We are constructing a new home for the family of one our team members: the Jimenez family, comprised of widow Lucina Pimentel and her son Leonel Jimenez. The Jimenez family is living in an informal settlement at the periphery of the city of Colima, Mexico, in a settlement which they built 14 years ago from any and all materials which were available to them at the time. While the settlement exists on land owned by the family, construction was not authorized, it is not in compliance with current planning or building regulations. Additionally, the settlement is a hazard to the health of the family as it is structurally unstable, does not adequately provide protection from the elements, does not provide security from wildlife or intruders, and is not appropriately tied to city utilities and infrastructure. These settlements also propagate centers of poverty, create unhealthy living conditions, and do not have formal connections to city utilities (such as running water, sewage, waste management, or electricity). These settlements result from the failure of governments to provide adequate affordable housing. As migrations from rural to urban areas in search of work occurs across the globe, it is vital that an effective solution to upgrading informal settlements is created to adequately house the existing and growing population.

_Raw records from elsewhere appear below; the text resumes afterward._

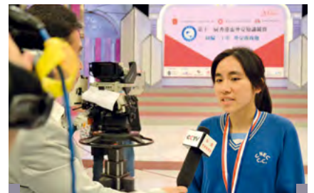
Awardee was interviewed by CCTV after the competition in 2017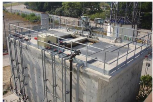
Airport Authority WWTP, Hong Kong, China 中国香港机场管理局污水处理厂 800 m 3 /d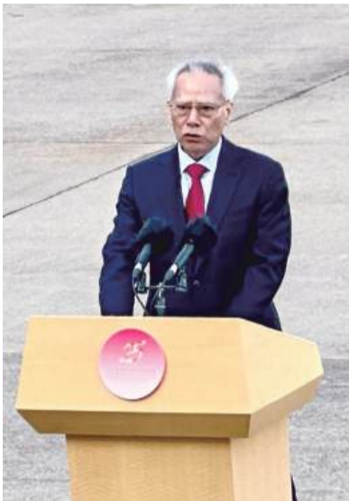
Chief Executive Sam Hou Fai delivers a speech upon President Xi Jinping's departure at the local airport yesterday.

of unity and collaboration, noting that the government functions as an organic entity. Thus, handling affairs should not be limited to a single public entity, Sam said, pledging to enhance regular communication with patriotic and Macau-loving organisations, fostering a strong synergy for governance according to the law.

Current solutions to upgrading informal settlements only provide a resilient, low-cost shelter. While this is an important part of the solution, we believe that upgrades must also respond to the unique conditions of the site and empower communities to maintain long-term improvements. Our solution, an architecture of empowerment, does this.

We define an architecture of empowerment as an architecture which achieves three broad goals: 

1. nourishes self-confidence through self-reliance and do-it-yourself-ism

2. facilitates a connection between architecture and the occupant, the community, and the locale [historical, cultural, and environmental]

3. is affordable in initial and whole-life cost

Using the above goals as a design methodology, a variety of programmatic features, architectural elements, and construction methods culminate to empower the occupants of this home. Rooftop agriculture, rainwater collection, passive shading, a flexible and adaptable interior layout, the opportunity for additional build-out, street-side vendor space, resilient and simple construction methodology, locally-sourced vernacular materials, and an interior courtyard which connects public and private domains all serve to empower the impoverished family who will occupy this home to live a life with dignity.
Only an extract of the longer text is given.